## TASK BRIEF:
Nothing but the lines from the start of the data through the line with "Revell North-American P-51D" should appear in the answer, each retyped exactly, and pictures should not.
================================
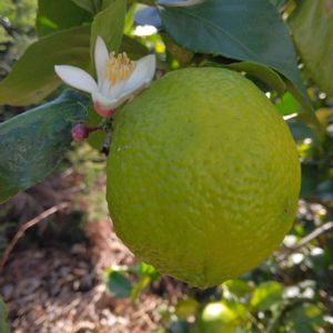 大好きなレモン 無農薬です✨✨⭐ 蕾と花と黄色のレモン 一度に見られて何か嬉しい 小さな幸せ気分です💕🎶
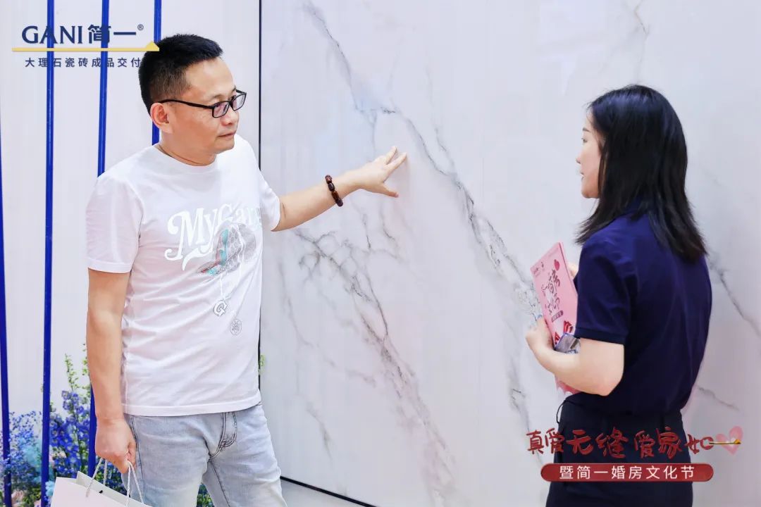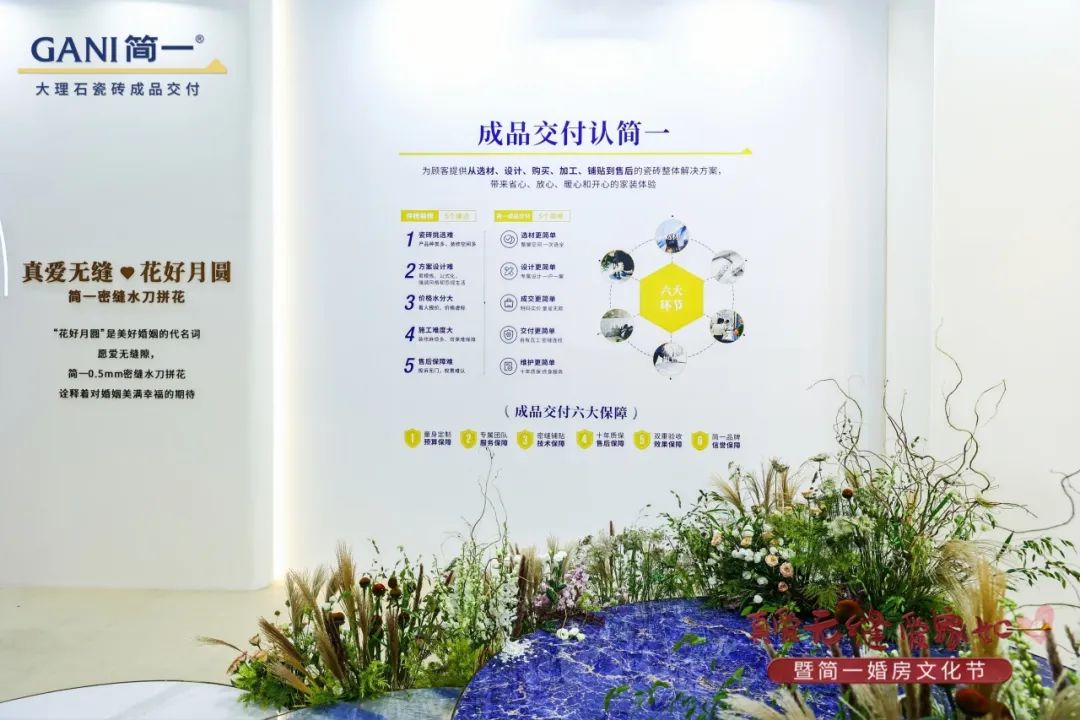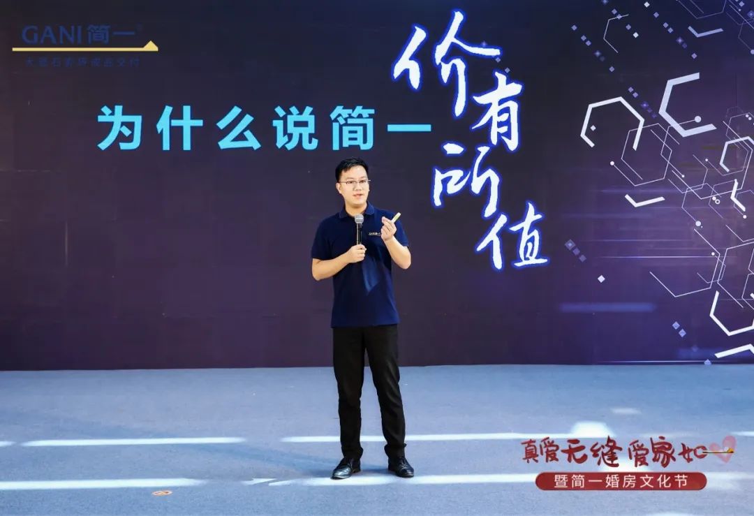 在婚博会活动现场,简一集团陈杰龙从技术、服务、用户、社责四大板块带来简一美好家价值体系分享。家是理性和感性的结合体,基于功能和情感价值的需求,简一希望带给消费者不仅仅是一块大理石瓷砖,更是美好家的价值交付,做用户值得信赖的美好生活陪伴者!
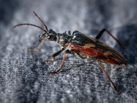 A beautiful longhorn beetle (Rhagium bifasciatum, Cerambycidae) sitting on fabric
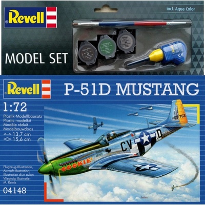 Revell North-American P-51D Mustang Model Set letadlo 1:72, 34 dílů + barvy + lepidlo + štětec Plastikový model letadla REVEL 04148 ke slepení. Velikost: 1:72; 137x156mm....
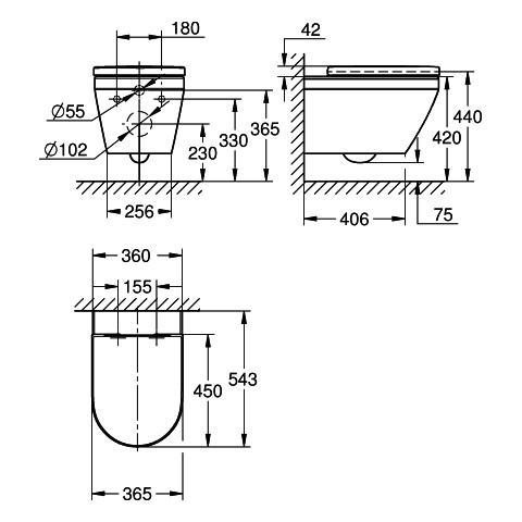 | Mittenabstand WC-Sitz-Befestigung | 155 mm |
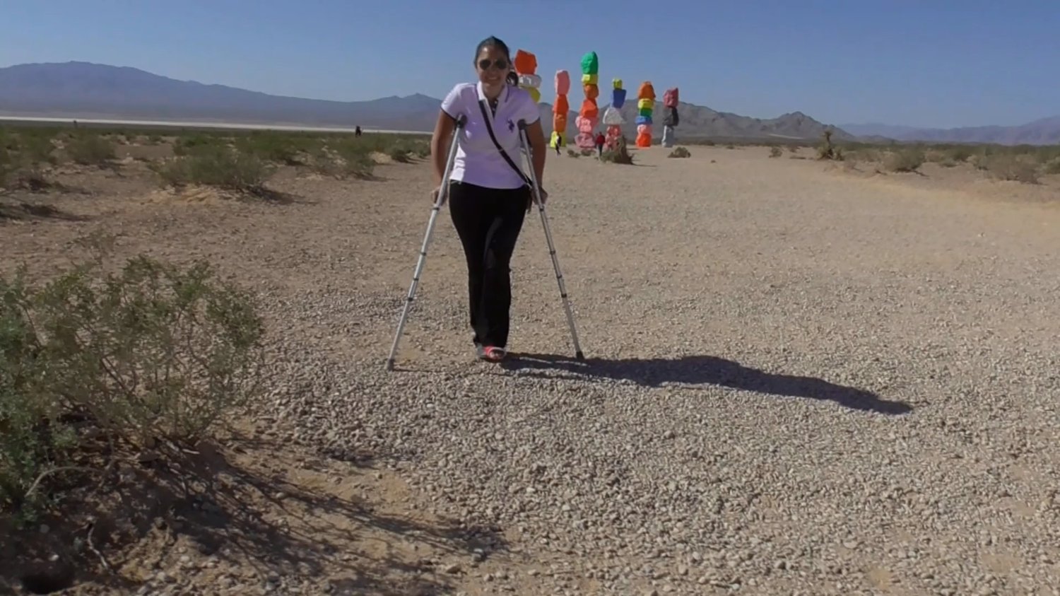 Elisabeth is outside Las Vegas today, crutching on very uneven ground using herbunderarm crutches.Her left foot is sadly broken and casted in a red SLC.
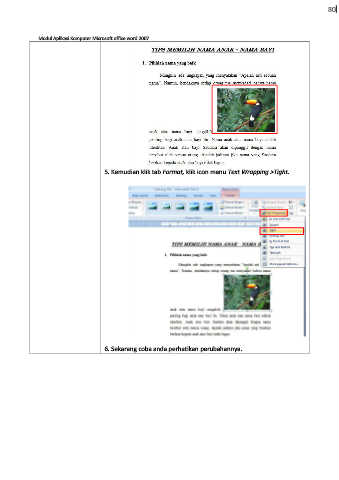 Modul Aplikasi Komputer Microsoft office word 2007 5. Kemud ian klik tab Format, klik icon menu Text Wrapping >Tight. 6. Sekarang coba anda perhatikan perubahannya.
================================
## EXERCISE ANSWER:
 大好きなレモン 無農薬です✨✨⭐ 蕾と花と黄色のレモン 一度に見られて何か嬉しい 小さな幸せ気分です💕🎶
 在婚博会活动现场,简一集团陈杰龙从技术、服务、用户、社责四大板块带来简一美好家价值体系分享。家是理性和感性的结合体,基于功能和情感价值的需求,简一希望带给消费者不仅仅是一块大理石瓷砖,更是美好家的价值交付,做用户值得信赖的美好生活陪伴者!
 A beautiful longhorn beetle (Rhagium bifasciatum, Cerambycidae) sitting on fabric
 Revell North-American P-51D Mustang Model Set letadlo 1:72, 34 dílů + barvy + lepidlo + štětec Plastikový model letadla REVEL 04148 ke slepení. Velikost: 1:72; 137x156mm....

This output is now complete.